U.S. Labor Department's OSHA cites U.S. Army for unsafe working conditions at Fort Richardson in Alaska

SEATTLE -- The U.S. Department of Labor's Occupational Safety and Health Administration (OSHA) has cited the U.S. Army for eight alleged serious safety violations and seven repeat violations at Fort Richardson's Directorate of Public Works near Anchorage, Alaska.

OSHA's inspection found alleged serious violations involving: lack of forklift training; improper grinding wheel maintenance; lack of inspection on high voltage poles; lack of assessment and use of electrical personal protective equipment; open electrical wiring; and lack of annual safety inspections to correct hazardous conditions.

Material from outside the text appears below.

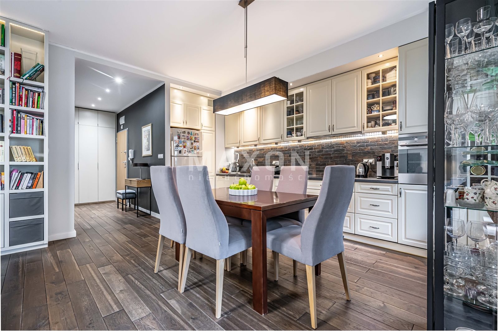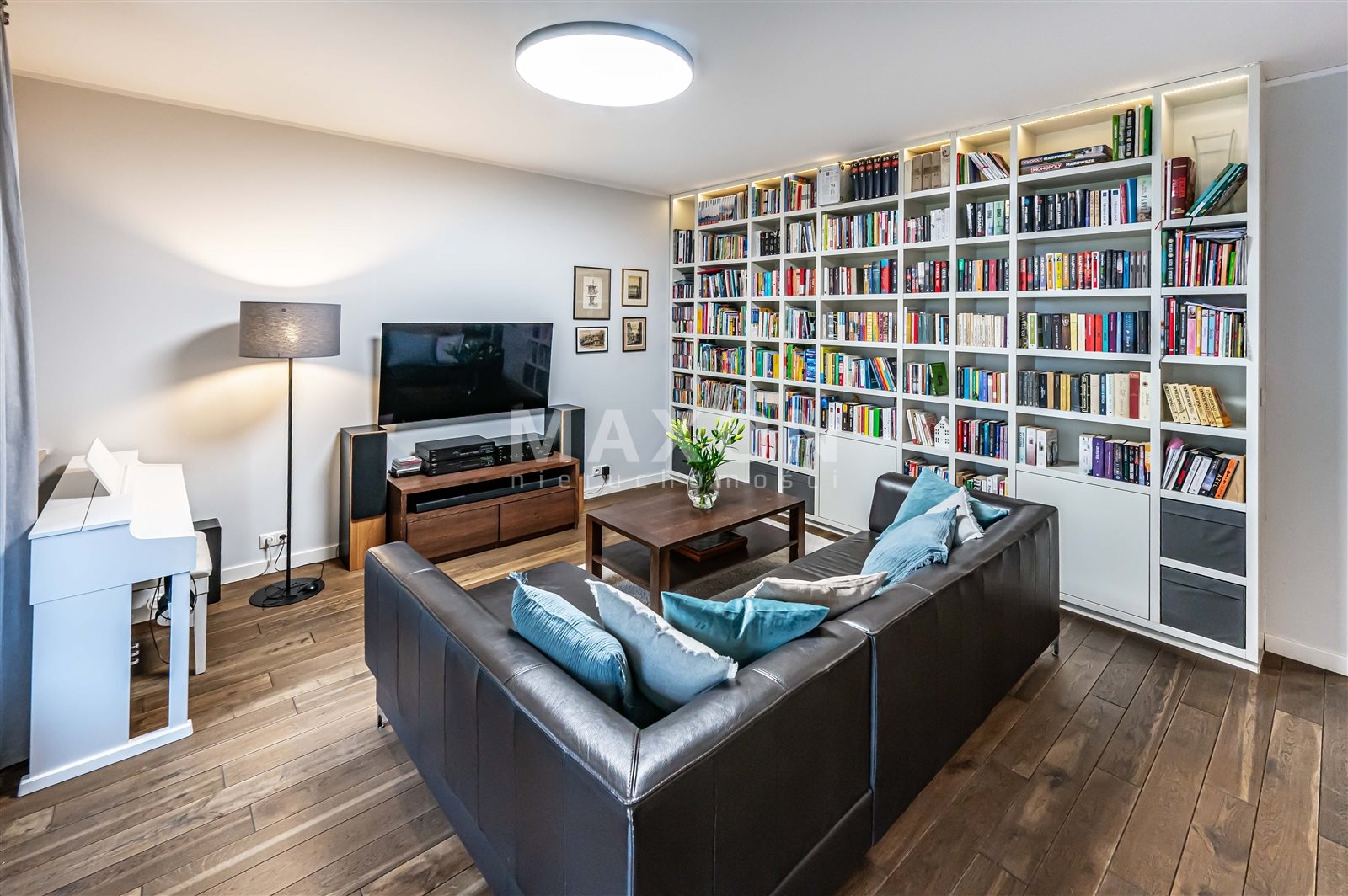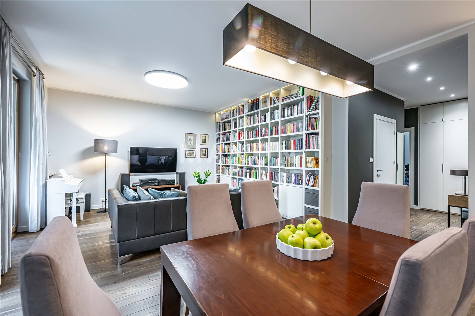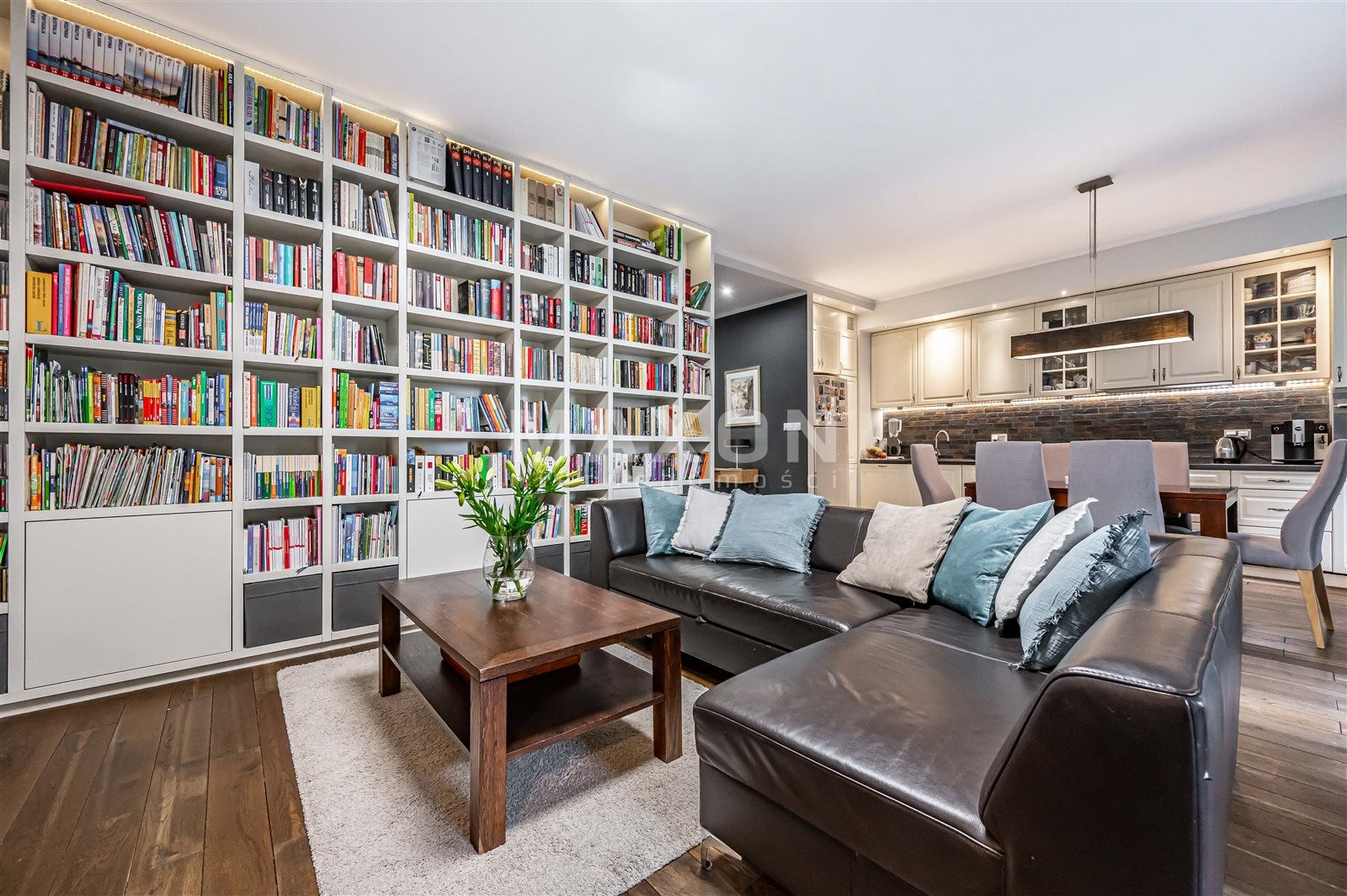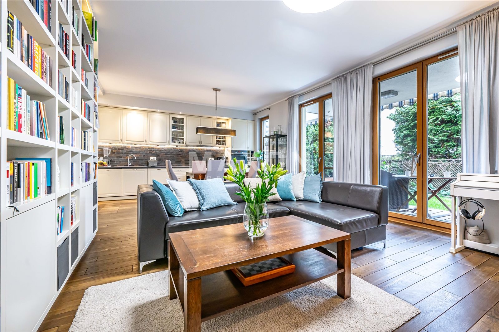 • salon (z biblioteką w stałej zabudowie) otwartą kuchnią i wyjściem na taras

OSHA previously had cited the U.S. Army for violations at Fort Richardson involving hazards on walking working surfaces, exit signs missing in the power plant, personal protective equipment hazards, lack of mounted fire extinguishers, modification of forklift forks without manufacturer's approval, vertical shafts on water pumps that were not guarded and electrical deficiencies.

"The Directorate of Public Works at Fort Richardson needs to upgrade its safety and health program so that a system is put in place to identify serious hazards, and then to correct or eliminate them," said Richard S. Terrill, regional administrator for OSHA in Seattle. "It is particularly disturbing that we found a number of serious violations of a repeated nature; that is to say, they have been identified in the past but continue to exist. This situation does not indicate an effective program is in place."

OSHA operates a vigorous enforcement program, conducting more than 39,000 inspections in fiscal year 2007 and exceeding its inspection goals in each of the last eight years. In fiscal year 2007, OSHA found nearly 89,000 violations of its standards and regulations.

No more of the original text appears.